Marx, who was born in 1818 and died in 1883, was, says Sperber, typical of certain radical, university-educated Germans of the period (though his father had been born in a German-speaking part of France and his mother was Dutch). He was born and brought up in Trier, a German provincial town on the Moselle, which was in a part of Germany, the left bank of the Rhine, that had been annexed to France until 1815. Following the defeat of Napoleon it was handed over to Prussia.
Prussian rule of the Rhineland was unpopular with its inhabitants. At university in Bonn and Berlin Marx became influenced by radical, atheist followers of Hegel’s philosophy and became one of them. In 1842 he got a job as a journalist and editor of a newspaper in Cologne, the main city in the Rhineland. This was the mouthpiece of the local liberal-minded bourgeoisie, who financed it, and who wanted free trade and a liberal constitution in place of authoritarian rule of Prussia and its Kaiser. When the paper was suppressed by the authorities in 1843 Marx left to live in Paris where he came under the influence of communist ideas (as socialist ideas were then called).
Expelled from France, Marx moved to Brussels, in Belgium, where he was active in exiles’ radical-democratic and communist circles until 1848, a year of popular uprisings all over continental Europe. European radicals and communists had seen it coming and Marx had been delegated to write a manifesto for the Communist League of Germany. This of course was the Communist Manifesto. The Manifesto illustrates the extent to which Marx is and is not our contemporary. The historical part about the origins and development of capitalism and the working class is still relevant, but the practical part about the programme the Communist League would implement if it had come to power at that time and its relations with other parties and movements is of historical interest only.
Bourgeois revolution
When the unrest spread to Germany Marx hurried back to Cologne where, again with the financial support of the radical section of the local bourgeoisie, he edited a newspaper.
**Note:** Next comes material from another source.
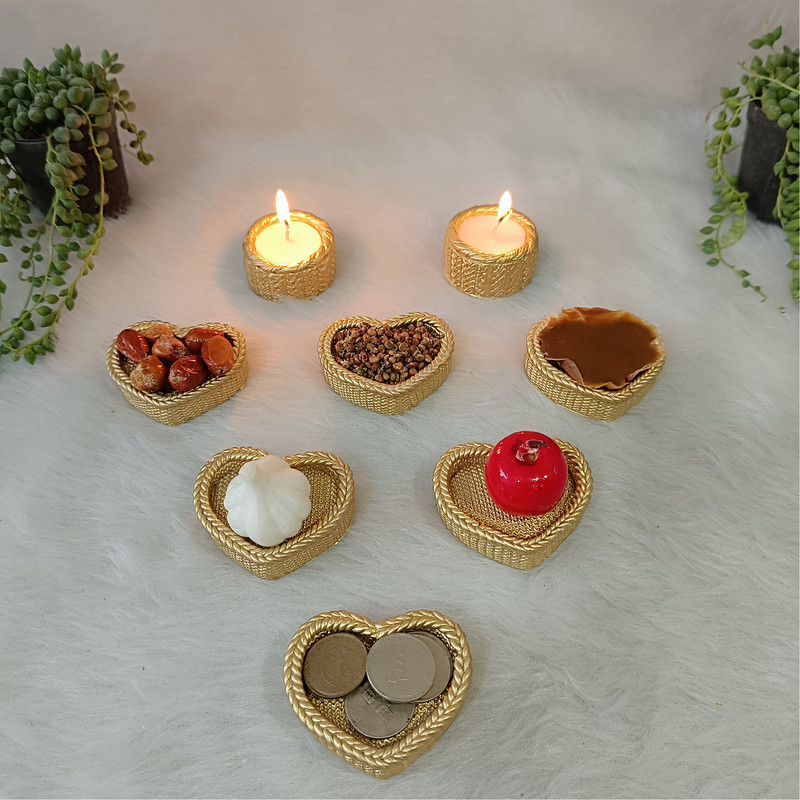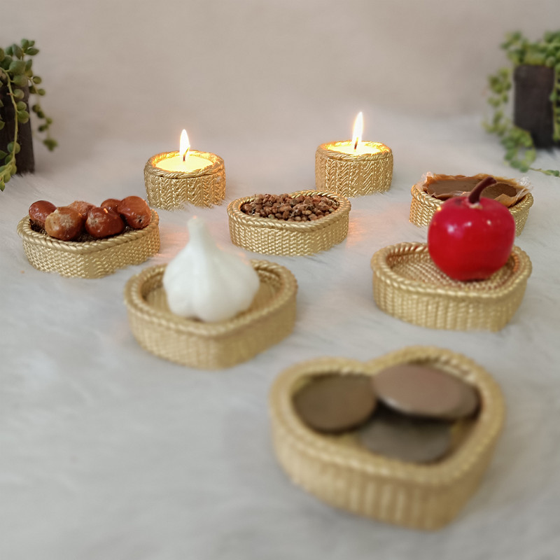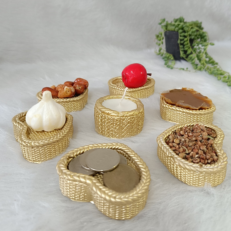 مجموعه ظروف هفت سین مدل قلب حصیری که شامل 6 عدد ظرف هفت سین طرح قلب و دو عدد جاشمعی زیبا میباشد.جا شمعی ها با پارافین مرغوب پر شده اند و پس از استفاده میتوانید دوباره داخل آنها پارافین ریخته و یا به راحتی از شمع وارمر استفاده کنید.رنگ این محصولات تک رنگ است یعنی هر رنگی که انتخاب میکنید تمام 8 عدد ظرف ارسالی به همان رنگ ارسال میشود و رنگ پارافین داخل جاشمعی ها در همه موارد فقط سفید است.

It may seem strange that a socialist should be editing a radical-bourgeois paper putting forward their demands, but this was in accordance with the perspective set out in the Manifesto that ‘the bourgeois revolution in Germany will be but the prelude to an immediately following proletarian revolution.’
Marx insisted on a bourgeois revolution first and fell out with other communists in Cologne who wanted the working class to take a hostile attitude toward the bourgeoisie. Marx had already fallen out in 1846 with another German communist, Wilhelm Weitling, over the same issue. Sperber writes of this incident:
‘Weitling, in his letter to Hess, explained their differences: Marx had insisted that ‘at the moment there can be no talk of the realization of communism; the bourgeoisie must first take control’.’
This is one illustration why Marx is not our contemporary as far as his practical political stances are concerned. He may well have been right that communism was not an immediate possibility in the 1840s and that a period of bourgeois rule (in place of authoritarian dynastic rule) was needed first, but this is not the case today and has not been for at least a century. Even so, at the time, Marx still thought that the period of bourgeois rule would be relatively short.
According to Sperber, Marx’s conception of two revolutions in a relatively short period of time was coloured by what had happened in the French Revolution: beginning as a bourgeois revolution in 1789 with the establishment of a constitutional monarchy, it developed in a more radical way when in 1793 the Jacobins came to power, proclaimed a republic and executed the king. Sperber’s view is not implausible when you consider that the French revolution had taken place only sixty years previously and that there are still people today who look to the Russian Revolution of over ninety years ago as a model.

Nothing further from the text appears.